Orang orang jawa sering mengatakan "ojo gumunan", jika melihat sesuatu. Termasuk kalau ada yang memasukkan silsilah dewa dewa dalam wayang pada silsilah Nabi-Nabi. Bahkan silsilah itu pun berlanjut pada orang orang jawa. Dalam cerita wayang yang berasal dari India, tidak ada tokoh Semar, Gareng, Petruk dan Bagong. Ke empat tokoh ponakawan tersebut diciptakan ke dalam alur cerita wayang India, ke wayang Jawa. Kalau kemudian muncul silisilah dari Nabi Adam, Nabi Muhammad pada silsilah Dewa Dewa termasuk muncul nya Semar Gareng Petruk Bagong, sampai kepada silsilah raja raja Jawa. Itu adalah kreativitas semata. Sama halnya dengan kreativitas Ken Arok mengawini Ken Dedes yang akan menurunkan raja raja di tanah Jawa.
"Ojo Gumunan", begitu familiar bagi masyarakat jawa. Bagaimana bisa muncul kreativitas Bima Suci, senjata Jamus Kalimasada, sambil Petruk Dadi Ratu. Itu semua tidak ada dalam cerita wayang India. Namun sangat familiar di cerita wayang Jawa. Cerita Bima Suci bahkan oleh sebagian orang dijadikan panutan untuk konsep "manunggaling kawulo lawan gusti".

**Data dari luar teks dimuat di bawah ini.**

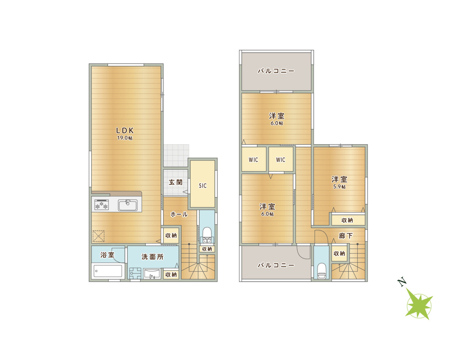 | 土地面積 | 94.㎡[約28.56坪]~63.42㎡[約19.18坪] |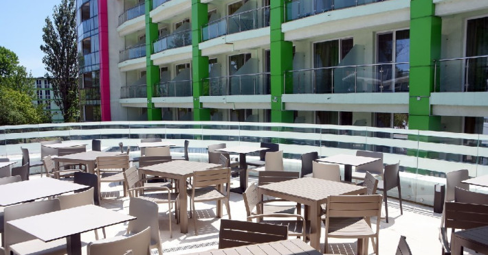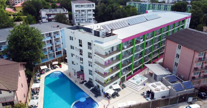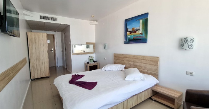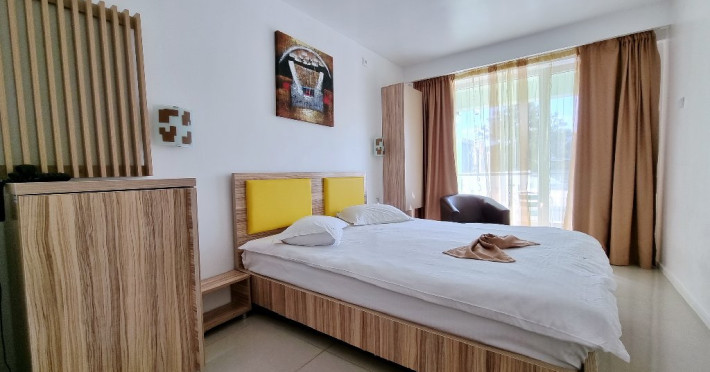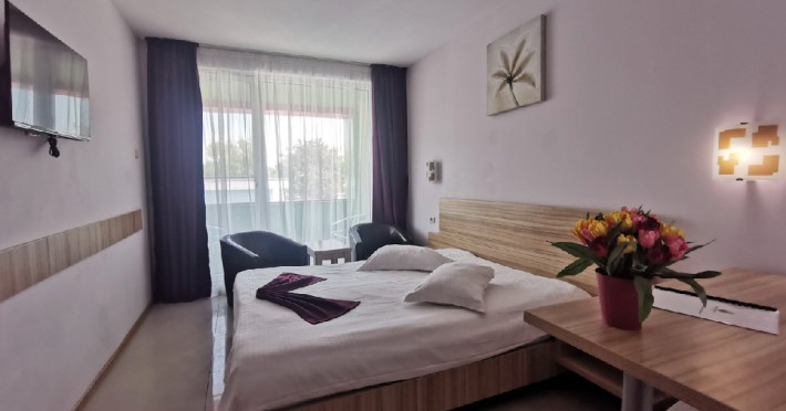 Camere: Hotelul are 49 camere twin, 100 de camere cu pat matrimonial si 8 apartamente, dispuse pe patru nivele si parter, dotate cu mobilier nou, televiziune prin cablu, minibar, baie cu dus, balcon, mobilier de balcon (sezlonguri si masuta), sistem de climatizare, telefon, internet wireless, pardoseala din gresie si card electromagnetic, pentru accesul in camera.

Ide dasar cerita Bima Suci, adalah usaha keras manusia sebagai makhluk ciptaan Allah untuk menemukan "sangkan paraning dumadi". Asal muasal kejadian, serta tujuan hidup yang hakiki. Bahwa alam pikiran Ibrahim yang mencari "sangkan paraning dumadi" melewati proses melihat alam semesta, matahari bulan dan bintang bintang yang berakhir kepada adanya Maha Pencipta Alam Semesta Allah Subhana wa Ta'ala, dimodifikasi dengan tokoh paling besar, tokoh paling kuat, tokoh paling gigih di dunia wayang Bima Sena yang mencari air suci perwitasari atas suruhan Durna.

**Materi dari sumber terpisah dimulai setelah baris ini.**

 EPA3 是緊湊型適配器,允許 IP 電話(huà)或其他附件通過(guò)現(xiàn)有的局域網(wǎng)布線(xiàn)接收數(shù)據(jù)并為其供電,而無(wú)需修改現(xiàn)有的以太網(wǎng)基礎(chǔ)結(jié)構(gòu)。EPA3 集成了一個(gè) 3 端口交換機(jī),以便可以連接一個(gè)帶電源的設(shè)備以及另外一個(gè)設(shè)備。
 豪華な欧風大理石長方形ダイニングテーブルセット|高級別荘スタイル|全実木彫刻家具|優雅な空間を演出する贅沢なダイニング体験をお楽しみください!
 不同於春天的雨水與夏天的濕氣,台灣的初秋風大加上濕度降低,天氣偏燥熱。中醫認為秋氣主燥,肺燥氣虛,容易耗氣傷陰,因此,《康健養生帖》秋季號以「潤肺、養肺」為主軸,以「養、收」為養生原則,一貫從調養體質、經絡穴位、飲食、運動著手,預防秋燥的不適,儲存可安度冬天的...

Dengan cerdik, masyarakat jawa diajak mengikuti langkah Bima Sena yang selalu taat dan patuh kepada guru/ulama, walaupun perintah guru itu di luar akal, pemikiran orang jawa waktu itu. Apa pun yang disuruh Guru Drona kepada Bima untuk mencari air suci tersebut dilakukan.
Bima atas perintah guru Drona mencari “air suci Perwitasari”. Dalam perjalanan mencari air kehidupan tersebut Bima menuju hutan Tikbrasara yang berarti landeping cipta. Hutan tersebut terletak di gunung ReksaMuka yang artinya Mata. Di hutan ini Bima dihadang oleh dua raksasa Rukmuka yang berarti kedudukan/kekuasaan dan Rukmokala yang berarti kemewahan harta benda. Bima mampu mengalahkan ke dua raksasa itu. Namun air suci Perwitasari tidak ditemukan di sana.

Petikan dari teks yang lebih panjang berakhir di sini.